═════ The input ═════

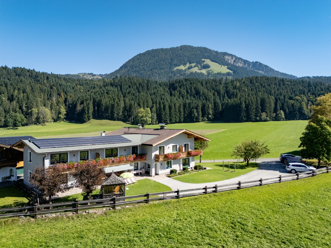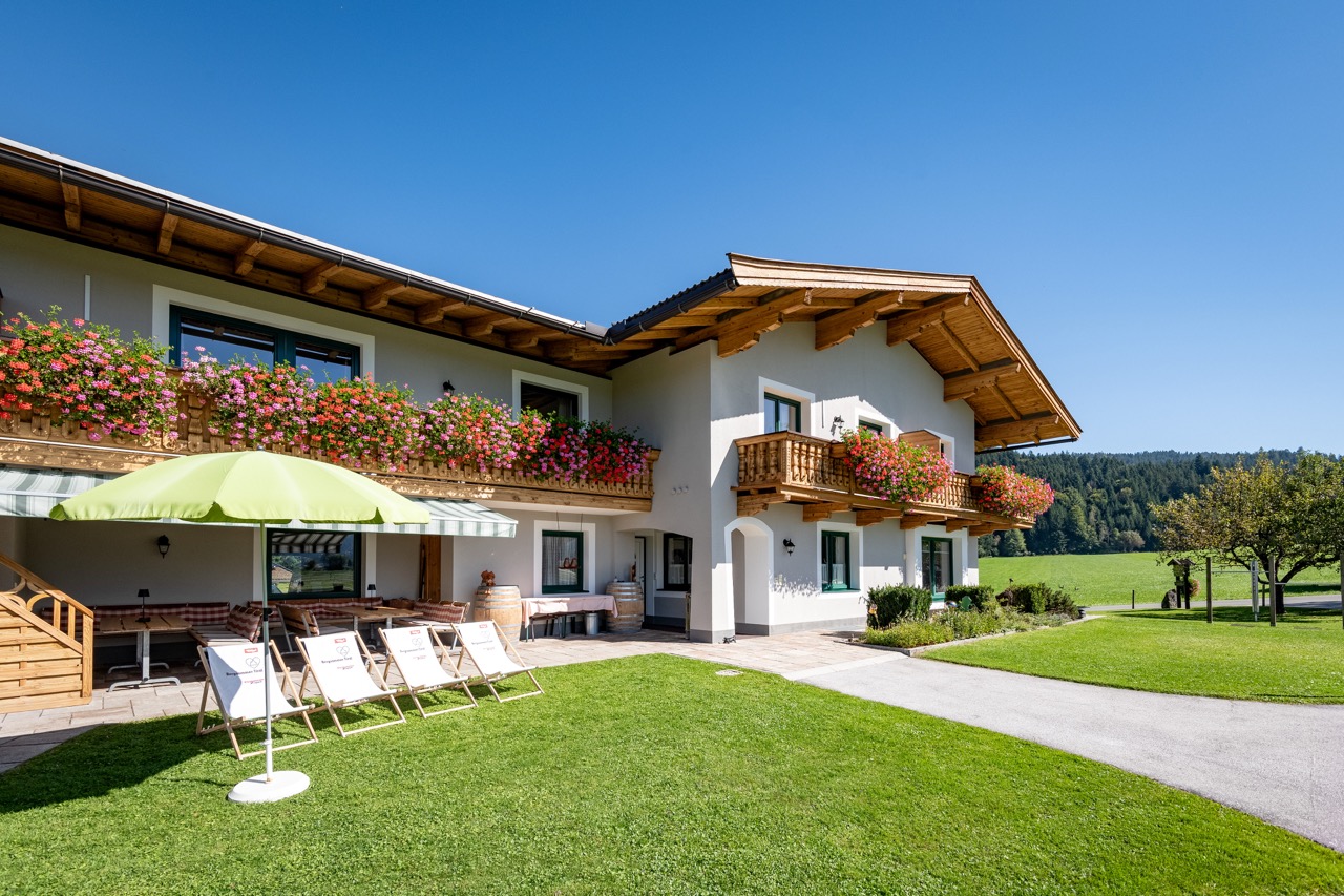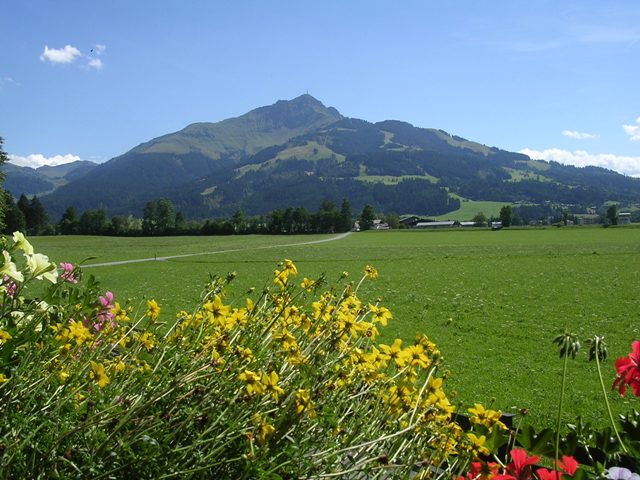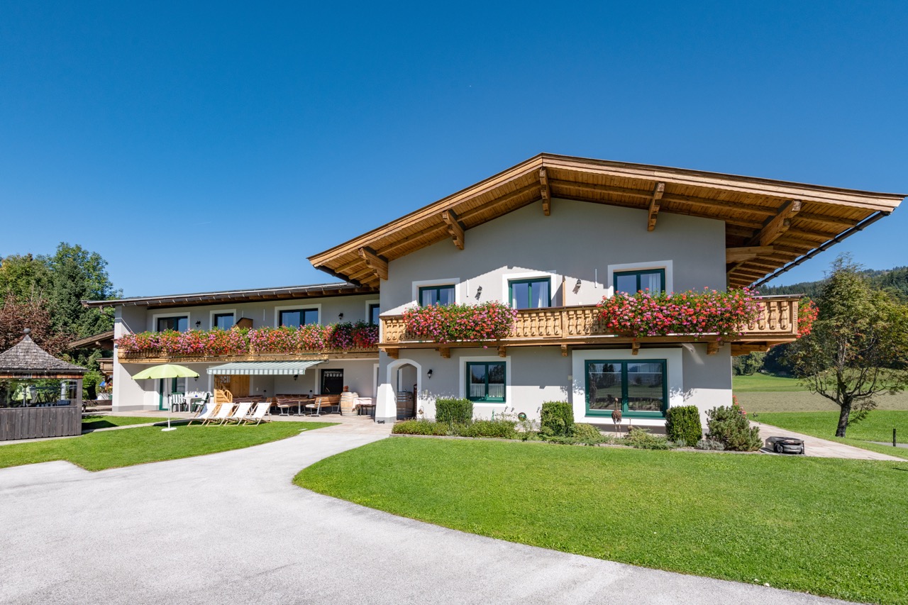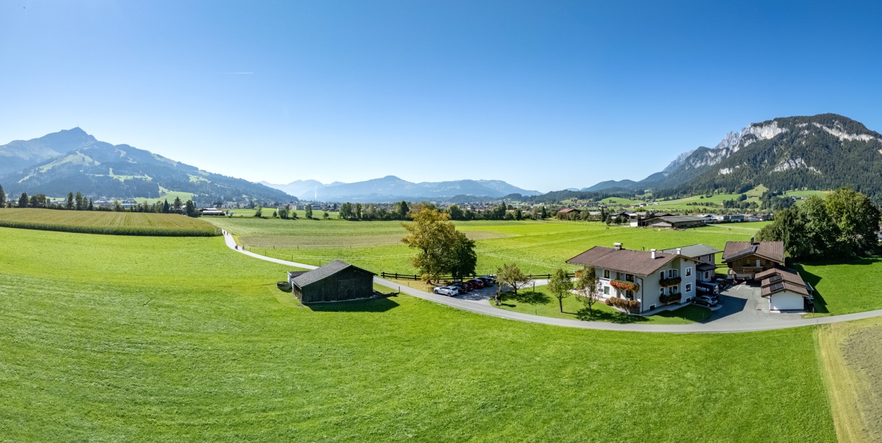 Das Haus, im Tiroler Stil erbaut, liegt inmitten von Wiesen, umrahmt vom Wilden Kaiser und Kitzbüheler Horn, ca. drei Autominuten von Kirchdorf und St. Johann entfernt.
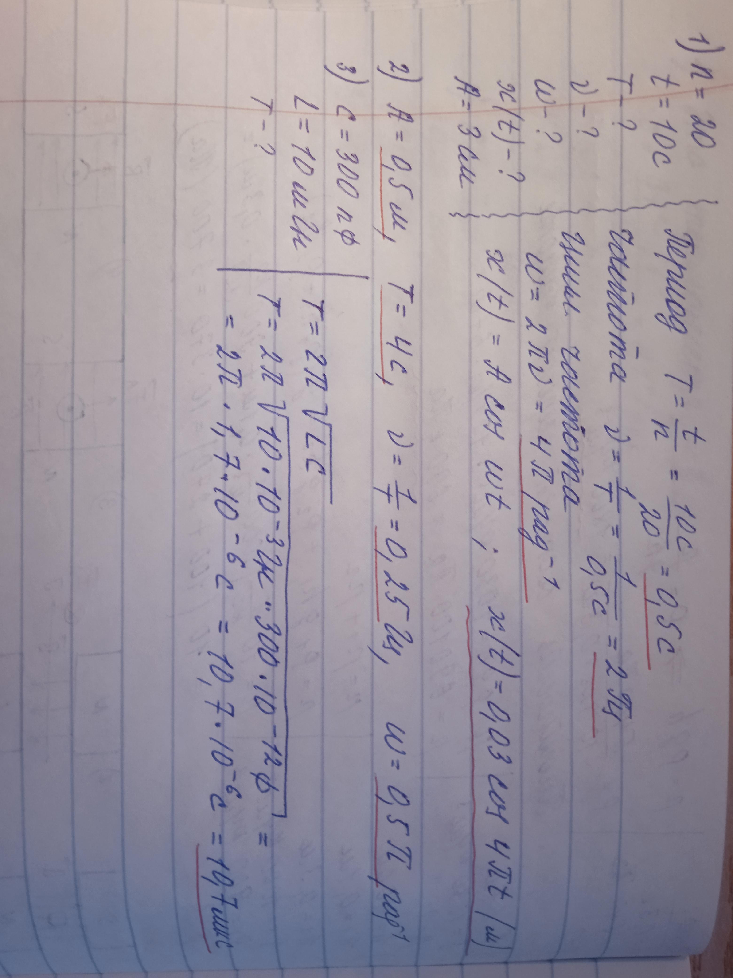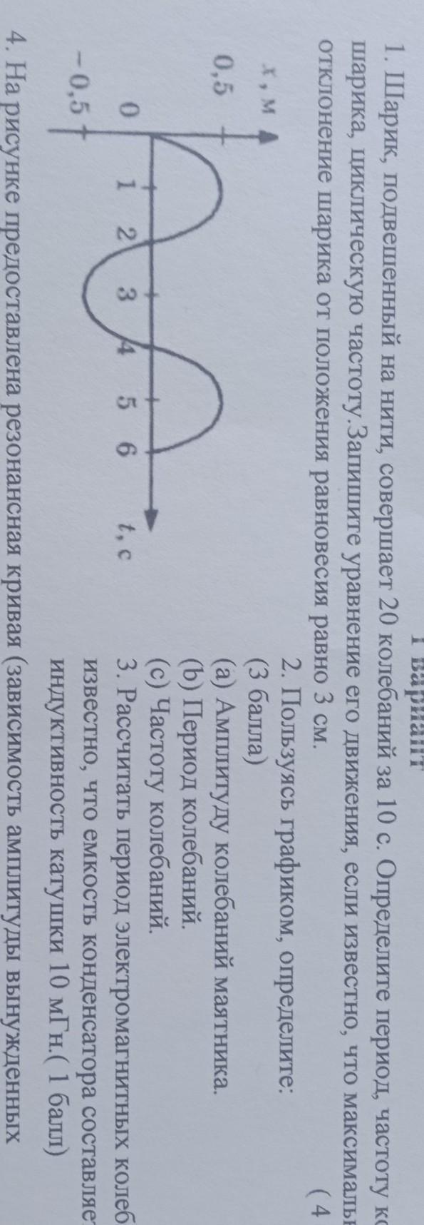 1. Шарик, подвешенный на нити, совершает 20 колебаний за 10 с. Определите период, частоту колебаний
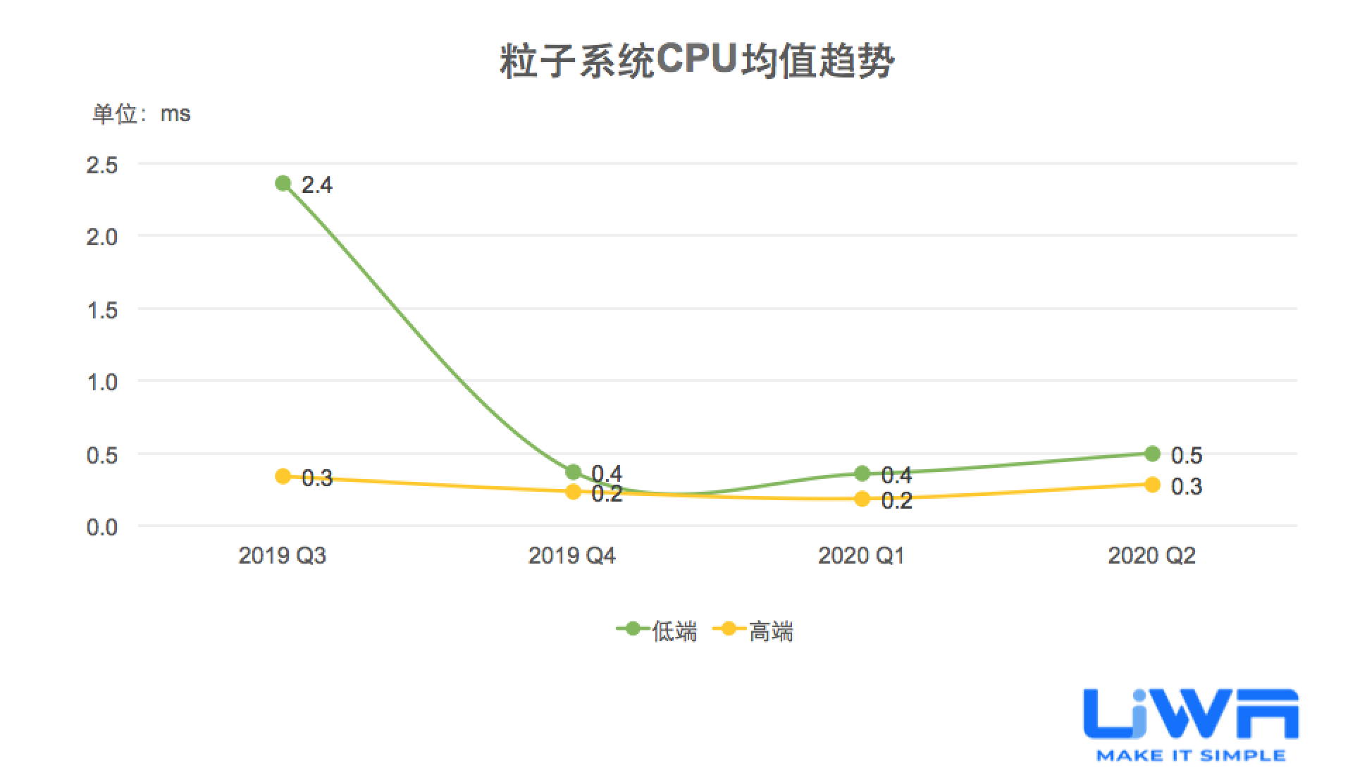 按照UWA官网(www.uwa4d.com)的测评机型分类,我们将统计的性能数据分为低端、中端和高端;在趋势图中则直接以最具有代表性的低端和高端来展现。
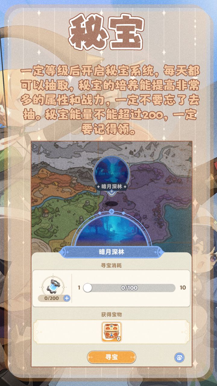 一定等级后开启秘宝系统,每天都可以抽取,秘宝的培养能提高非常多的属性和战力,一定不要忘了去抽。秘宝能量不能超过200,一定要记得领。
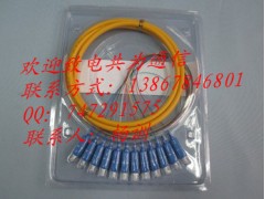 束狀尾纖由符合全色譜規范的康寧緊套光纖,外包芳綸纖維加強元件,再包裹具有一定阻燃性能的聚氯乙烯外護套構成,廣泛應用于傳輸線路與終端設備之間的密集連接。
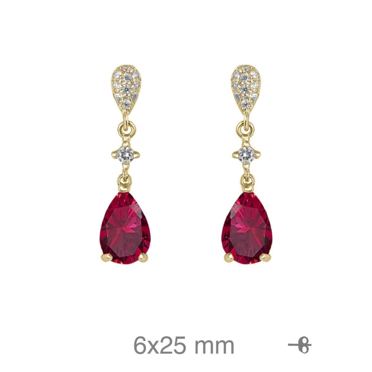 Pendientes de plata baño oro circonitas color rubí
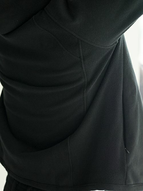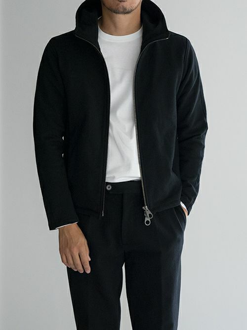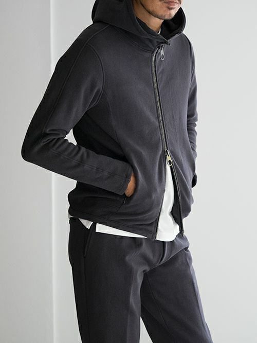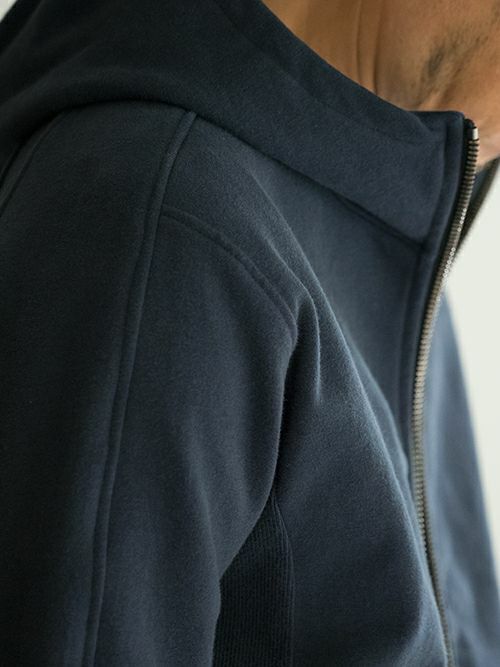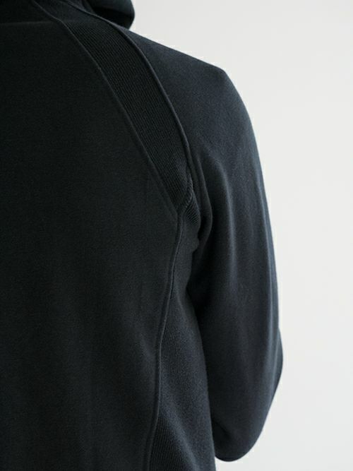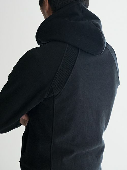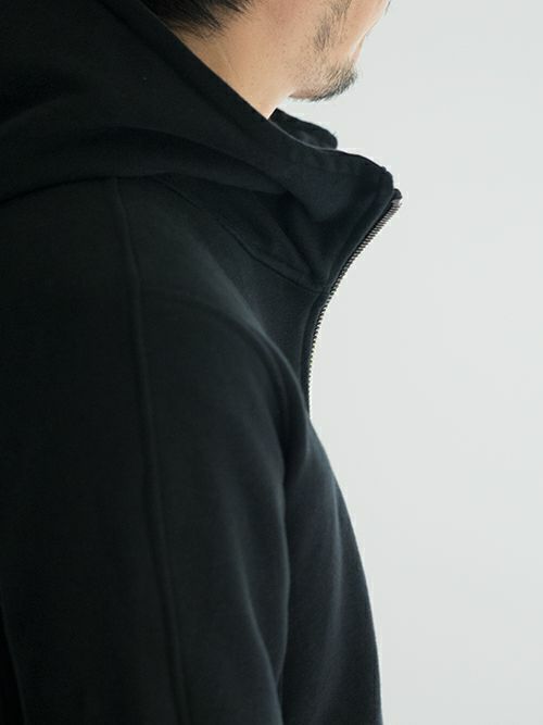 特殊な工程で縫製しており、着心地とシルエットに拘ったスウェットパーカー。綿裏毛にストレッチ糸を入れ込んで編んでおり、伸縮性に富んだストレスフリーな着用感です。
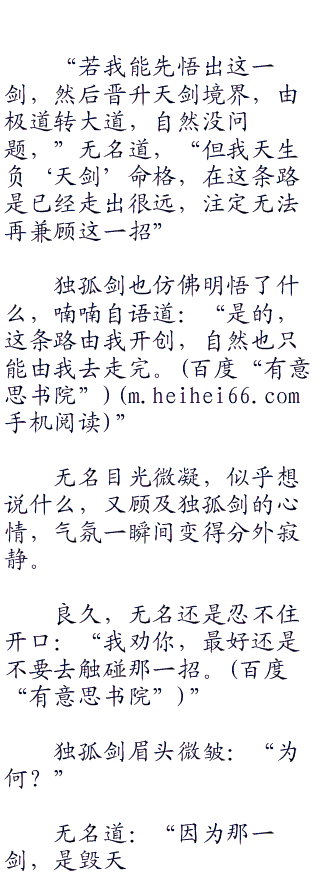 “因为那是一招代表着毁灭的剑,它的存在为的就是毁灭一切。而天剑的存在,为的是守护一切,这二者本就是矛盾的正邪两面,无法融洽。”无名轻轻一叹,“那一剑,代表着‘天剑大道’之外的另一条路,或许可以称为剑的一条‘极道’,在境界上或许比不得天剑高远,但是论杀伤力,纵使是天剑也要相形见绌。”

═════

Task statement:
Both ends included, copy word for word the lines from the top of the entries above through the line with "1. Шарик, подвешенный". No pictures.

Task answer:
 Das Haus, im Tiroler Stil erbaut, liegt inmitten von Wiesen, umrahmt vom Wilden Kaiser und Kitzbüheler Horn, ca. drei Autominuten von Kirchdorf und St. Johann entfernt.
 1. Шарик, подвешенный на нити, совершает 20 колебаний за 10 с. Определите период, частоту колебаний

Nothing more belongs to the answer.